STORED DATA =>
--- START ---

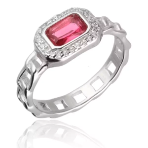 Srebrny pierścionek - sygnet z rubinową cyrkonią
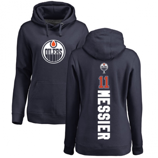 Home>NHL>Edmonton Oilers>Mark Messier>NHL Women's Adidas Edmonton Oilers #11 Mark Messier Navy Blue Backer Pullover Hoodie
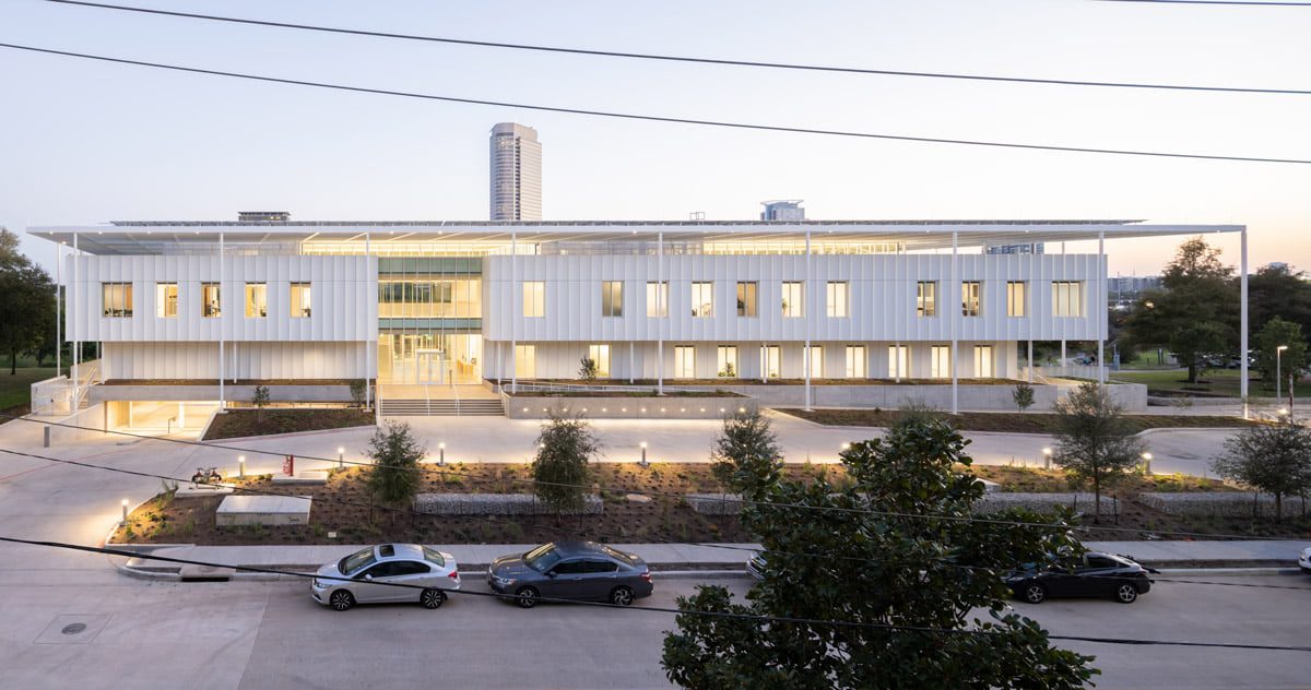Kevin Daly membuat bangunan putih dengan kanopi untuk Houston Endowment

--- END ---

ACTION ITEM =>
Take the listing and print it again exactly, but without any pictures.

FINISHED EXERCISE =>
 Srebrny pierścionek - sygnet z rubinową cyrkonią
 Home>NHL>Edmonton Oilers>Mark Messier>NHL Women's Adidas Edmonton Oilers #11 Mark Messier Navy Blue Backer Pullover Hoodie
Kevin Daly membuat bangunan putih dengan kanopi untuk Houston Endowment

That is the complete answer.